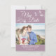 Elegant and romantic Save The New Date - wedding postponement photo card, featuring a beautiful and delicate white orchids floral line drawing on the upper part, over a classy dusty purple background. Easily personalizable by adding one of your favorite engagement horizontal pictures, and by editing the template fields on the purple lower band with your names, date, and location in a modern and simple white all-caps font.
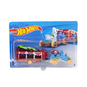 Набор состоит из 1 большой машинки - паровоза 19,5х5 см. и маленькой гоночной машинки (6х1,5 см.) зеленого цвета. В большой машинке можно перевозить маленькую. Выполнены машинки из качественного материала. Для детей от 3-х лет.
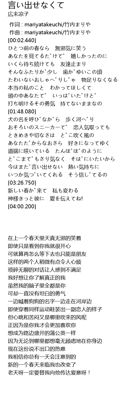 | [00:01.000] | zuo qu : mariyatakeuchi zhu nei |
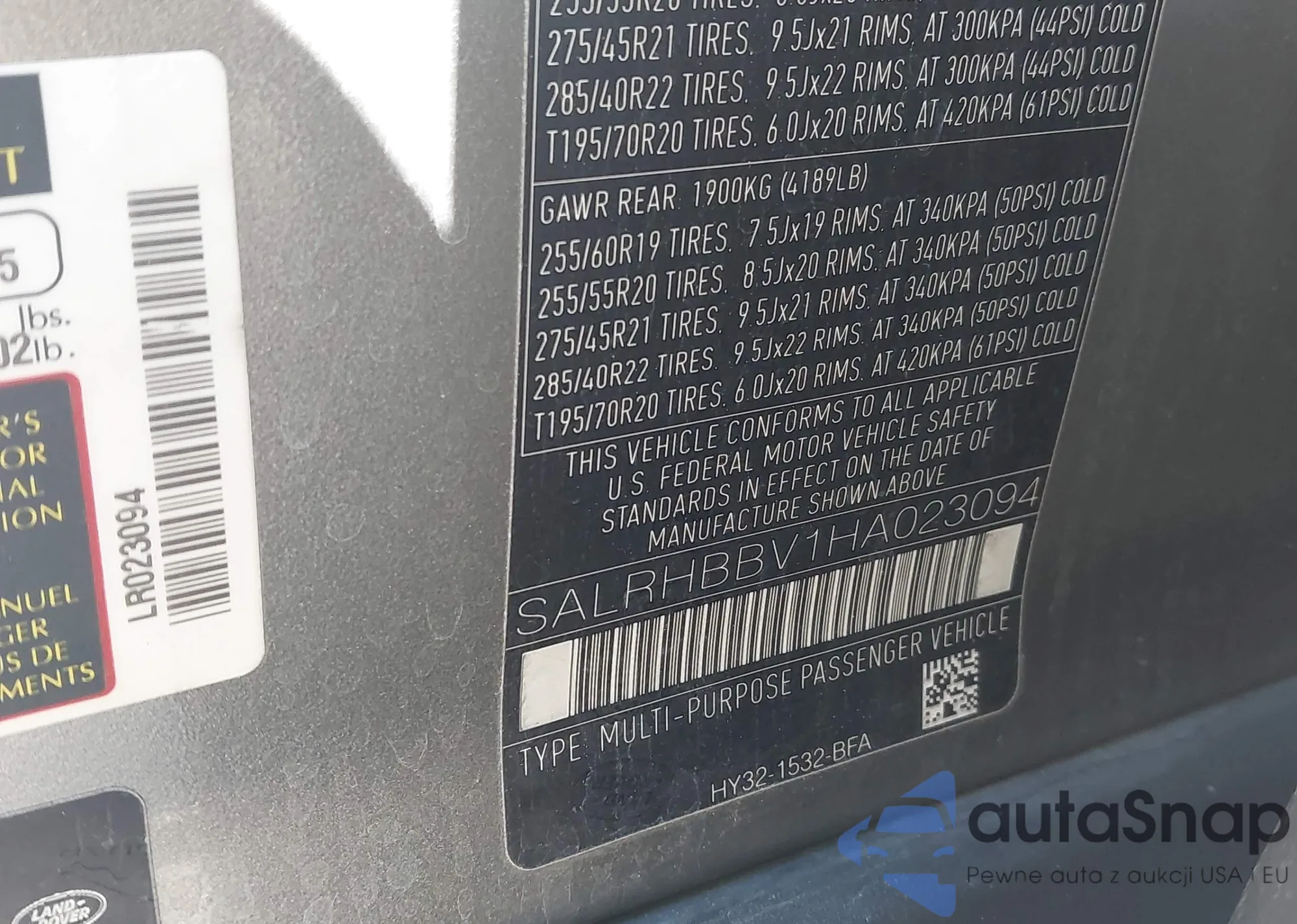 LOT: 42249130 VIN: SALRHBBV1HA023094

* * *

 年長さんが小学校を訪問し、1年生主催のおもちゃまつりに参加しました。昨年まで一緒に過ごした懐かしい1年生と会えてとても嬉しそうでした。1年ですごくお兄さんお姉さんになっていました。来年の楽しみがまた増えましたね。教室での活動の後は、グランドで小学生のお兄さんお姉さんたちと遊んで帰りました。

...

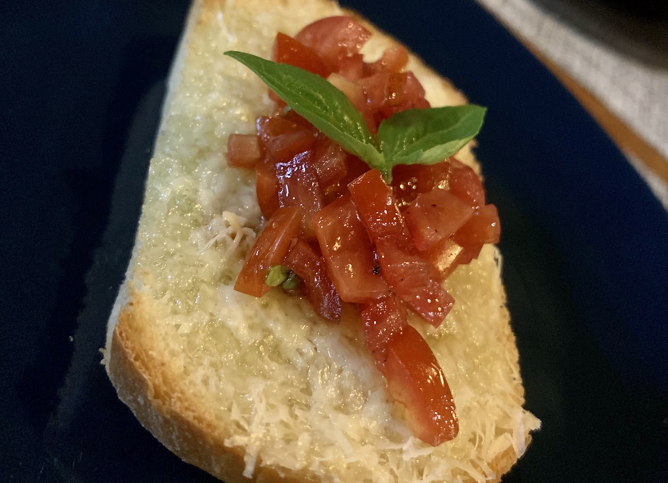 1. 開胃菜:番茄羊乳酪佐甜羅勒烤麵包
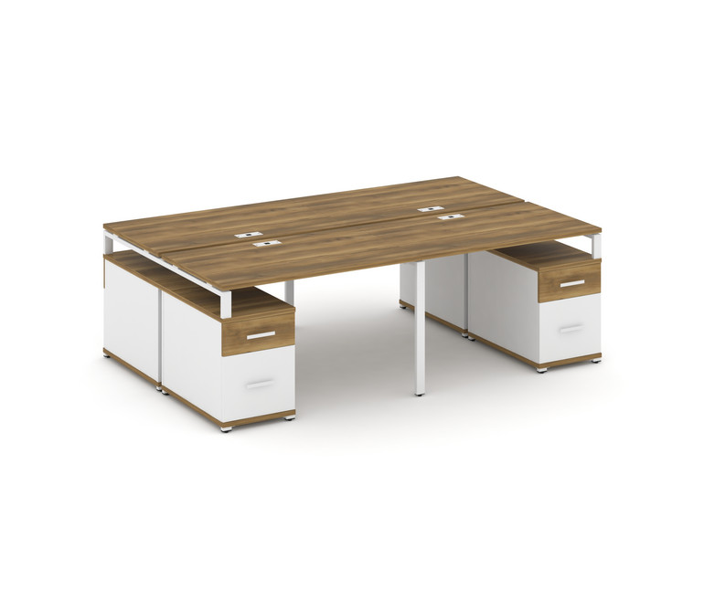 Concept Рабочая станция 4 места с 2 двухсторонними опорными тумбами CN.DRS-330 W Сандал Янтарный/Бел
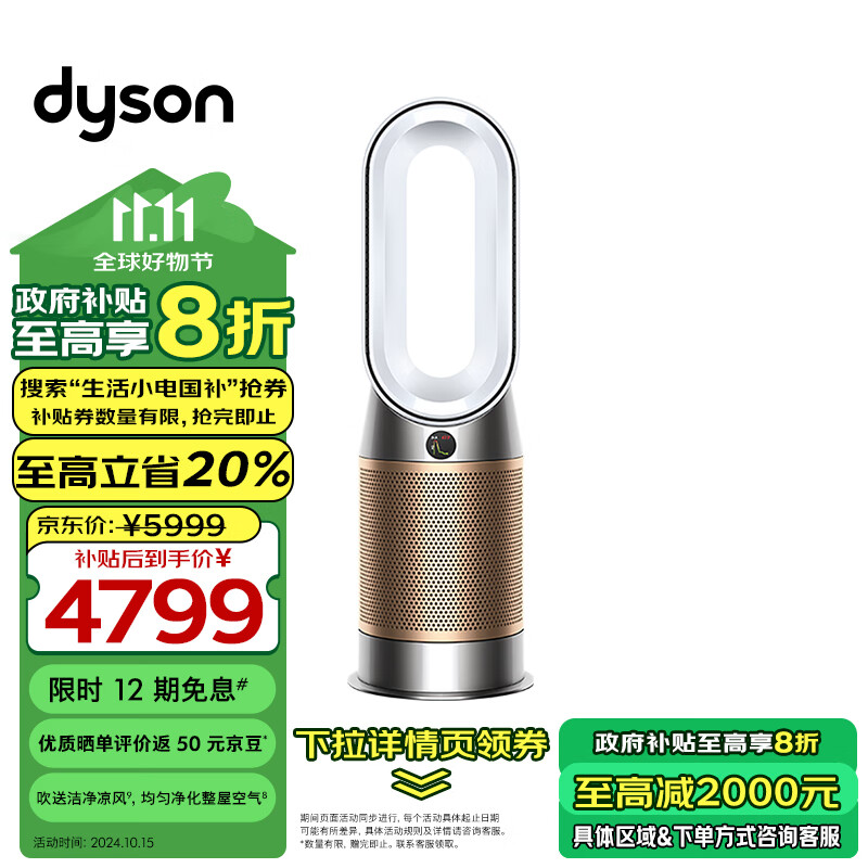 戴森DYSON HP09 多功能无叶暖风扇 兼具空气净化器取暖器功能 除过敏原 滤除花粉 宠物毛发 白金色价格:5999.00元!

**WHAT THIS TASK INVOLVES**: In the entries above, find the line with "Elegant and romantic" and the line with "LOT: 42249130 VIN: SALRHBBV1HA023094". Write out exactly those two lines and every line between them, pictures excluded.

**SOLUTION FOR THIS PROBLEM**:
 Elegant and romantic Save The New Date - wedding postponement photo card, featuring a beautiful and delicate white orchids floral line drawing on the upper part, over a classy dusty purple background. Easily personalizable by adding one of your favorite engagement horizontal pictures, and by editing the template fields on the purple lower band with your names, date, and location in a modern and simple white all-caps font.
 Набор состоит из 1 большой машинки - паровоза 19,5х5 см. и маленькой гоночной машинки (6х1,5 см.) зеленого цвета. В большой машинке можно перевозить маленькую. Выполнены машинки из качественного материала. Для детей от 3-х лет.
 | [00:01.000] | zuo qu : mariyatakeuchi zhu nei |
 LOT: 42249130 VIN: SALRHBBV1HA023094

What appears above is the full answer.